Изменить стиль страницы

      А журналист, человек весьма приятной наружности сидел на том же убогом стуле напротив удивленного еще больше, чем вчера, старшего лейтенанта и дружелюбно улыбался. Был он в отличной форме, с проницательными глазами на мужественном лице – сравнительно редкое сочетание в наше время.

      К сожалению, был у этого нового посетителя, по крайней мере, один из известных Игнаточкину существенный недостаток – его профессия.

      Стойкий отрицательный образ этих людей прочно закрепился в неокрепшем мировоззрении молодого сотрудника милиции под влиянием внутриведомственной пропаганды. Личному составу постоянно талдычили, что их брат сует свой любопытный нос туда, куда раньше, в счастливое время, совать никому не дозволялось. Начальство учило молодежь, что эти беспринципные разгильдяи и лгуны только и делают, что разнюхивают, провоцируют, лицемерят, подтасовывают факты, пугают и ввергают гражданское население в панику. Они передергивают, отвлекают занятых людей от важных дел, поливают помоями славные внутренние органы, в первую очередь начальство, и даже клевещут на сотрудников, честно исполняющих свой служебный долг.

      Да, что правда, то правда – лично старшему лейтенанту Игнаточкину газетчики ничего плохого не сделали. Но ведомственная «прививка» сработала, и, по крайней мере сейчас, он подсознательно следовал распространенному негативному стереотипу, пришедшему в последние годы на смену старому и доброму – верить всему, что напечатано. Ну а нынче? Как же им верить сейчас-то? Вы мне скажите, граждане, милые вы мои. Никакой цензуры! В голове не укладывается – любой писака имеет право напечатать (только вдумайтесь) всё! Всё, что взбредет в его больную голову! Без всякой ответственности, без разрешения... Бред! Просто бред сивой кобылы!

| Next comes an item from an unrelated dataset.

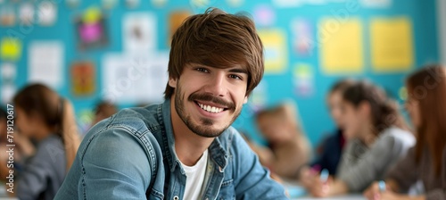 Smiling male teacher in classroom with elementary school students looking at camera

      «Разваливается страна, ник-к-какога уважения к власти, ник-к-какога порядка!» – вспомнил он четкий вывод начальника отдела подполковника Аристократкина.

 Игнаточкин бросил испытующий взор на репортера и почувствовал, что, несмотря на заветы подполковника, не может побороть в себе возникшее с первого взгляда и усиливающееся с каждой минутой чувство симпатии к этому, продолжающему добродушно улыбаться, человеку.

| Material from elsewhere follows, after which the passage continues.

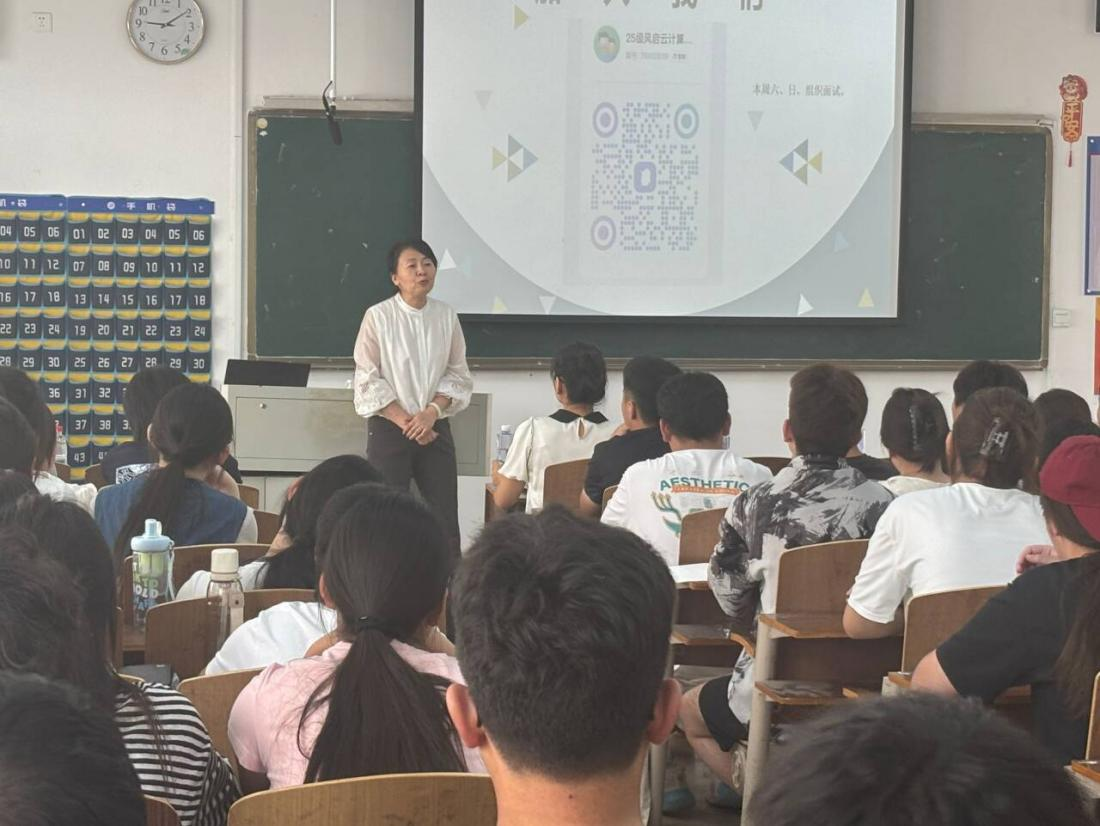 为帮助2025级新生快速融入大学生活、明晰专业方向与发展前景,9 月 2 日 13:00-14:00,在 2115 教室,计算机与软件工程系举行了云计算技术应用专业新生入学教育活动。本次活动以“数智领航,云塑未来” 为主题,由专业教师张伟丽主持,专业负责人董蕾、教师王蒙及 2025 级全体云计算技术应用专业新生共同参与,“中国软件杯” 获奖团队代表现场分享,为新生开启专业学习的 “第一课”。

      «Ага! – догадался он, – это потому, что сравнение со вчерашними хамами из конторы стопудово не в пользу последних.

      И чего им всем только дался этот несчастный таджик?! – Он не заметил, как начал называть беднягу таджиком. – Ну, обалдеть! Просто о-бал-деть! Вот интересно – чего этому газетчику-то надо?»

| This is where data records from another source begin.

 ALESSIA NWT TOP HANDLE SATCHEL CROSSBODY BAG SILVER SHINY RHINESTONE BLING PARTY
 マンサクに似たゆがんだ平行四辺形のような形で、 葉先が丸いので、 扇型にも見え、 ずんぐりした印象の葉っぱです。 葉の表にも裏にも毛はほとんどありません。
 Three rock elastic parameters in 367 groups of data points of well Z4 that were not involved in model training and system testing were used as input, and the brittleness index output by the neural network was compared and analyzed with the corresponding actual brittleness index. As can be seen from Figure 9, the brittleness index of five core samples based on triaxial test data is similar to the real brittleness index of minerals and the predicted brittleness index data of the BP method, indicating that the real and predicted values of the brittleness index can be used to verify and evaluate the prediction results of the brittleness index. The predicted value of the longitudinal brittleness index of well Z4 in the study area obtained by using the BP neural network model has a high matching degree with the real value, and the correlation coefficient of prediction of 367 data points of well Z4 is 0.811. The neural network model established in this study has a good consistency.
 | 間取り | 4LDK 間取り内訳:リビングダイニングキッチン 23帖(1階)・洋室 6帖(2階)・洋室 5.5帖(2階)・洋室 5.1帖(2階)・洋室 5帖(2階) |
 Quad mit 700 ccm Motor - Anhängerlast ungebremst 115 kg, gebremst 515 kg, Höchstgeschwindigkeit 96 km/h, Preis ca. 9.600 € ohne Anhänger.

      - Так я не помешал? – осведомился журналист вежливо.

      - Нет-нет, – стараясь говорить так же вежливо, ответил следователь. – Так говорите, вас интересует дело о неопознанном трупе из залива?

      - Очень... – подтвердил журналист.

      - Да, действительно, я расследовал этот загадочный случай.

      Он поднялся из-за стола и принялся в задумчивости ходить по комнате. В силу ограниченности пространства, отпущенного кабинету строителями, прогулка эта заканчивалась чрезвычайно быстро и, чтобы не упереться лбом в стенку, ему приходилось всякий раз резко разворачиваться.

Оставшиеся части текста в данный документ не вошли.